*Source material*.
════════════════════

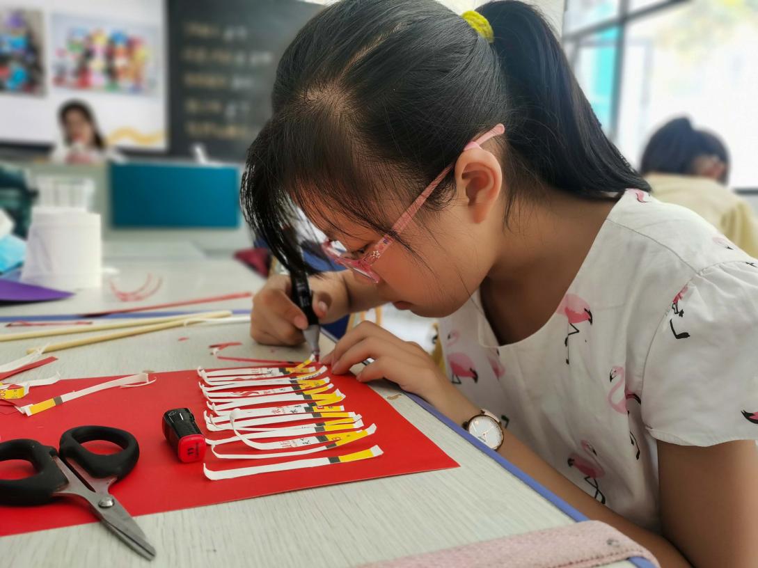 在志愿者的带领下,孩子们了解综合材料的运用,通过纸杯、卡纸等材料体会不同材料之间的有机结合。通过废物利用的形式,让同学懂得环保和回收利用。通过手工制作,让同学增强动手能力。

════════════════════

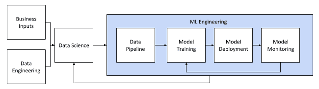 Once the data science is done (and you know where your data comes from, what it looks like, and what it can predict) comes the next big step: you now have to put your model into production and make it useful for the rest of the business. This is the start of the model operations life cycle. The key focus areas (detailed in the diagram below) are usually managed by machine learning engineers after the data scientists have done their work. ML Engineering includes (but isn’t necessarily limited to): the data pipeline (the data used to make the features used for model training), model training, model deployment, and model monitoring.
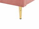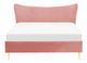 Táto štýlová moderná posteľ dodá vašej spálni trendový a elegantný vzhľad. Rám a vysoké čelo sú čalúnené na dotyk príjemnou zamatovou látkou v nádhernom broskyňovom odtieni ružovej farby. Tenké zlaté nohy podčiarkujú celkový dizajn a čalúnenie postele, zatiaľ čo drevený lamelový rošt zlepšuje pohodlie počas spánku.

════════════════════

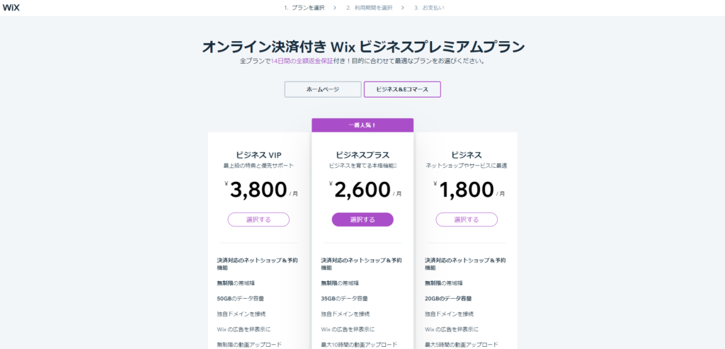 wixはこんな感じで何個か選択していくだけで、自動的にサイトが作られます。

════════════════════

*Exercise directions*.
In the listing above, find the line containing "Once the data". Output it and every line after it up to and including the line containing "Táto štýlová moderná", exactly, but skip the pictures.

*Solution*.
 Once the data science is done (and you know where your data comes from, what it looks like, and what it can predict) comes the next big step: you now have to put your model into production and make it useful for the rest of the business. This is the start of the model operations life cycle. The key focus areas (detailed in the diagram below) are usually managed by machine learning engineers after the data scientists have done their work. ML Engineering includes (but isn’t necessarily limited to): the data pipeline (the data used to make the features used for model training), model training, model deployment, and model monitoring.
 Táto štýlová moderná posteľ dodá vašej spálni trendový a elegantný vzhľad. Rám a vysoké čelo sú čalúnené na dotyk príjemnou zamatovou látkou v nádhernom broskyňovom odtieni ružovej farby. Tenké zlaté nohy podčiarkujú celkový dizajn a čalúnenie postele, zatiaľ čo drevený lamelový rošt zlepšuje pohodlie počas spánku.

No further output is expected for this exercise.